The experimental results show that the FBN performed well in the training process. The training time of the CNN network with FBN was reduced by 48.03% compared with the original network, and had a 19.11% reduction compared with one added BN. There are two reasons for this: firstly, the fast batch normalization operation that normalized the data to zero mean and unit variance; secondly, the total variance and mean were, respectively, replaced by the mini-batch’s variance and mean, thus reducing the amount of calculation as a whole. It is verified that adding FBN to the convolution process will accelerate the convergence of the network.

For the next experiment, the same three groups of contrast experiments were performed to compare the outcome of the BN or FBN on the convergence speed of the network. Using the same training set, the CNN network, the CNN network with BN, and the CNN network with FBN were preliminarily trained with the NIST 2008 SRE dataset, respectively. According to the loss value, the convergence speed of the network was measured. The experimental results are shown in Figure 10.

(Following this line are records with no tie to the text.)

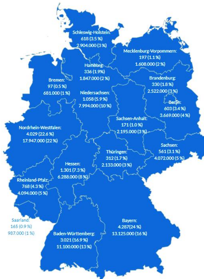
Figure 2: Distribution of participants by federal state. First row: Name of the federal state, second line: Parents in the registry, as absolute and relative frequency (as of 26.10.2020). Third line: Population in Germany in comparison, as absolute and relative frequency. The distribution of contributors corresponds approximately to the respective share of the population.

certificate, and 31 participants (0.2%) stated that they had no school or training qualification. The remaining did not enter an education. The participation of contributors per state corresponds to the distribution of the population (Figure 2).
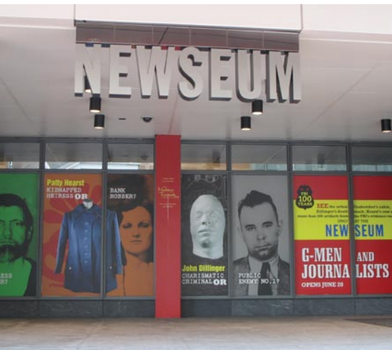
At top, the dome of the U.S. Capitol building at sunset. At bottom, the entrance to the Newseum, an interactive museum dedicated to journalism that takes visitors behind the scenes into how news is made.

Roosevelt Memorial. Located along the Tidal Basin, the memorial is dedicated to the thirty-second president, and the only one who used a wheelchair. It traces the 12 years of FDR's presidency through a series of waterfalls and scenes depicting each of his four terms in office. The memorial includes an area of tactile reliefs with Braille writing.
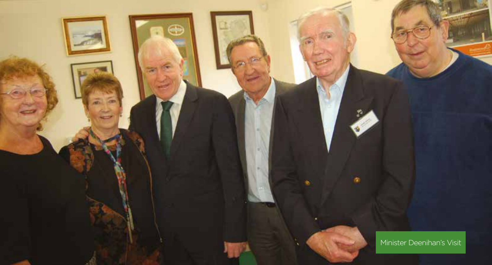
Minister Deenihan's Visit
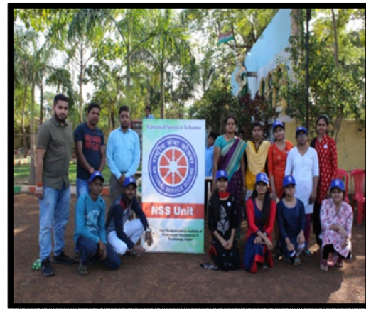
Sports Competition held by NSS Team
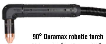
90° Duramax robotic torch 20.1 cm (7.9") x 9.9 cm (3.9")

The light weight, small size and built-in positioning features of Duramax and Duramax Hyamp robotic torches enable easy integration and operation with light robot arms. An optional clamp speeds integration.
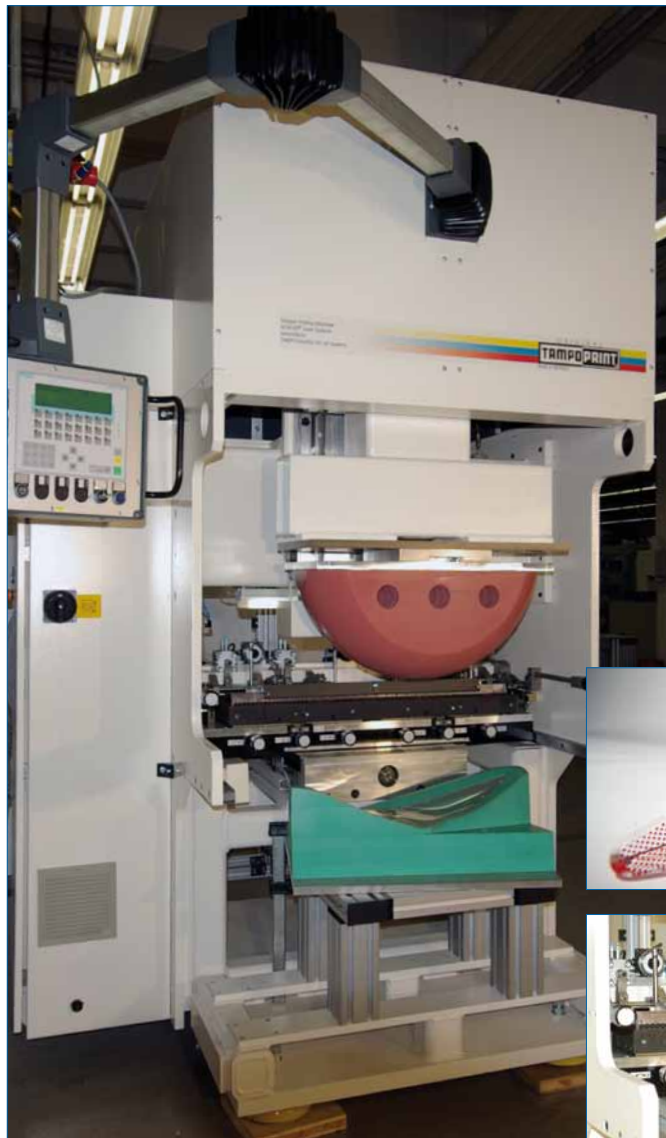
Fig.: Reference machine 1-colour printing on car rear light cover
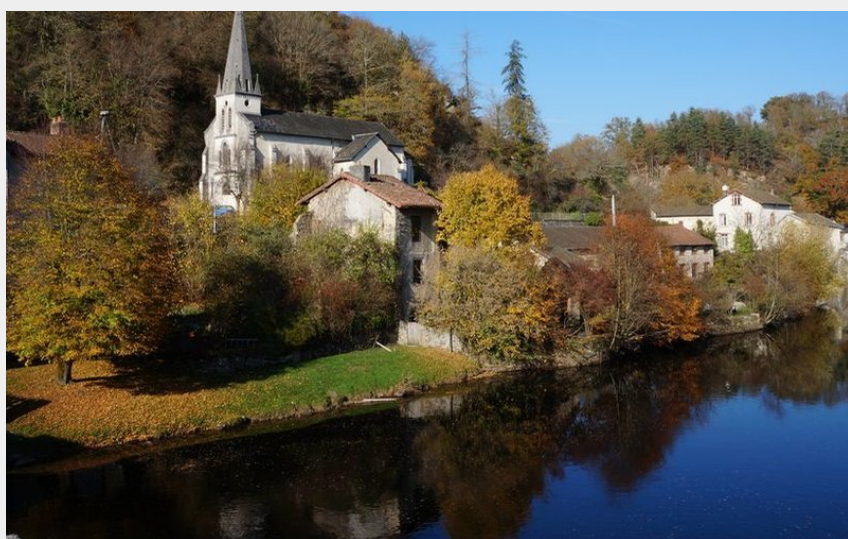
Quartier du Pont et église Saint-Martial
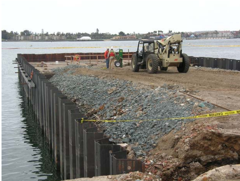
Figure 5. Mole Pier reconstruction underway.

As mentioned previously, the mole pier needed to be reconstructed since much of it had been removed during the hazardous waste removal operations. Figure 5 shows the new sheet piling installed around the mole pier's perimeter, and the rock fill that was used to backfill the areas that had been excavated earlier for free product removal.
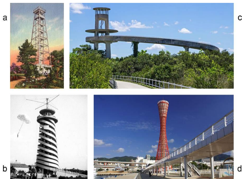
Fig. 1. Examples of tower structures of the 20th century:

a - national park Hot Springs, USA, the photo was taken in 1932 [21], b - Central Park of Culture and Leisure named after Gorky, Moscow, USSR, the photo was taken in 1937 [22]; c - Shark Valley, Miami, United States [23]; d - Kobe, Japan [24]
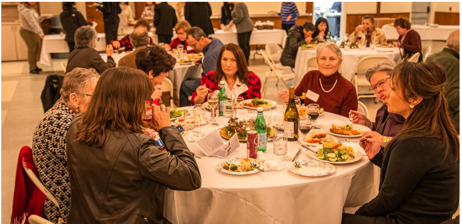
Many members of the Rossmoor Advocates for Diversity group attended the Awards Dinner in support of the organizing committee!
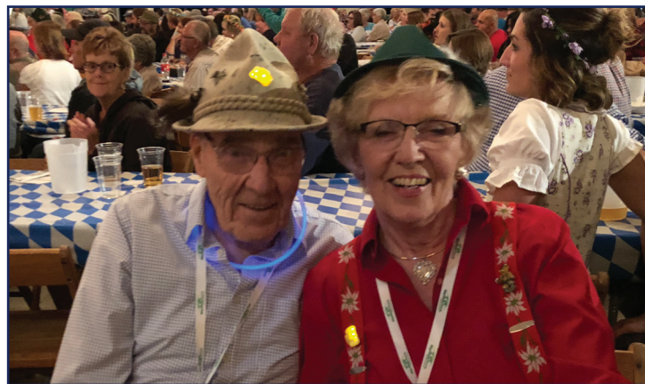
Platinum Adventures members enjoying our extended trip to Frankenmuth Michigan for Oktoberfest!

Price includes: Transportation, a three course gourmet lunch, show and gratuities.

The experimental results show that the loss of the network with FBN is significantly smaller than that of the network with BN or without FBN when the three networks are trained, respectively. According to the loss of the network during the training process, it shows whether the network is converged. As the network training advances, all of three models gradually converged, but surprisingly, we could clearly see that the CNN network with FBN converged faster. Furthermore, as the iterative process proceeded, we can see that at the beginning of training, the loss value decreased rapidly, then the rate of decrease slowed down. Apparently, the loss value of the network showed a tendency toward stabilization, and the fluctuation was small. The experimental results proved that FBN added into convolutional layers could effectively accelerate the convergence of the network.

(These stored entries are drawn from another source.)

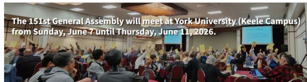
The 151st General Assembly will meet at York University (Keele Campus) from Sunday, June 7 until Thursday, June 11, 2026.

The General Assembly of the Presbyterian Church in Canada opens today and will be meeting all week. Please keep the Moderator and the commissioners in your prayers as seek God's wisdom and deal with the business that properly comes before them.
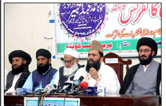
QUETTA: Central Ruet-e-Hilal Committee Chairman, Maulana Syed Muhammad Abdul Khahir Azad addresses to media persons during press conference, at Quetta press club.
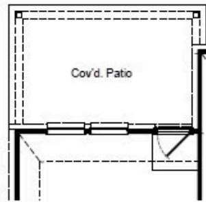
Expanded Covered Patio
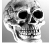
Choir/beer Miester: Fluffy
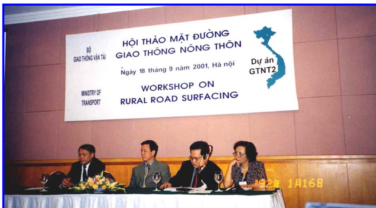
Figure 6 – Initial Rural Road Surfacing Workshop chaired by Vice Minister, October 2001

An important part of the process of bringing about desirable sector changes to allow the use of appropriate rural road surface options and SMEs, is to develop an effective steering framework to plan and manage the introduction of new techniques, procedures and operational framework, with appropriate awareness creation, stakeholder consultation and knowledge dissemination.
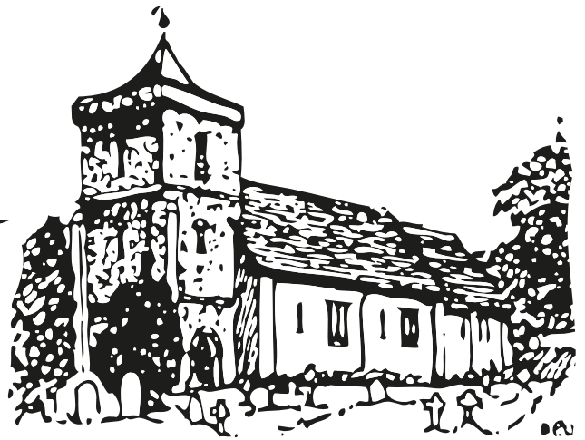
St. Mary's, Herriard
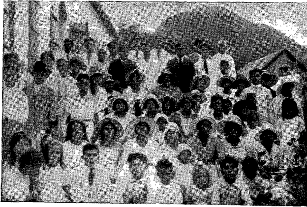
Believers and friends, Seychelles Islands

Early Sabbath morning, the baptismal candidates, the church members, many friends as well as a large host of curious onlookers, gathered at a place called Union Vale. After a stirring sermon by Elder Girou, 27 souls were hurried with their Lord in baptism to be raised again and to walk in the newness of life. After the baptismal service we proceeded to the church where we partook of the emblems of the bruised body and the spilt blood of our Lord.
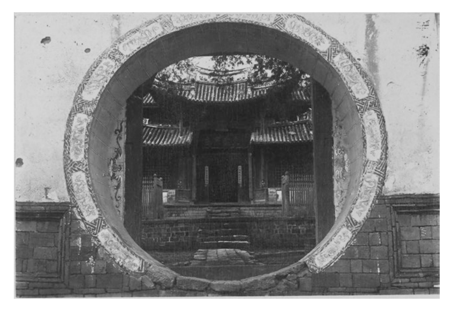
Fig. 2.1 Doorway of a Chinese temple, Bhamo

fashion adopted in Chinese temples. The theatrical stage is over the entrance to the second court, and faces the religious part of the building, which, in its turn, is raised above the court immediately below it. The court of the sanctuary has a covered terrace round its three sides with recesses off two of them, containing seated figures nearly life-size, with rubicund, almost fiery faces, having black beards and moustaches of formidable cut and dimensions. They are all, in accordance with a Chinaman's just appreciation of the value of rupees, carefully protected from dust and injury by being placed in square boxes, which I ought to dignify with the name of shrines, closed in front with almost opaque, gauze netting. A few priests live in a court-yard at the side of the building which is built entirely of brick, and after the Chinese grotesque idea of architectural beauty.<sup>47</sup>
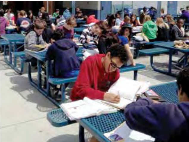
Students studying during open tutorial period.

We are looking forward to the new year, and to reaching even higher levels of achievement!
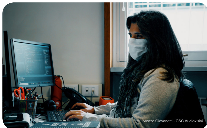
Lorenzo Giovanetti © CSC Audiovisivi

3.3.4. Discussion Based on the Convergence Speed and Training Time

Training a deep CNN model is complicated because the distribution of each layer’s inputs changes during the training process on account of the variation of previous network parameters. Additionally, small changes to the network parameters amplify as the network becomes deeper. This slows down the training thanks to the lower learning rate and more careful parameter initialization, and makes it difficult to train a saturated nonlinear model. In order to address this problem, the FBN algorithm is performed for each training mini-batch and makes them satisfy the standard normal distribution. FBN allows us to use a higher learning rate and be less careful about initialization.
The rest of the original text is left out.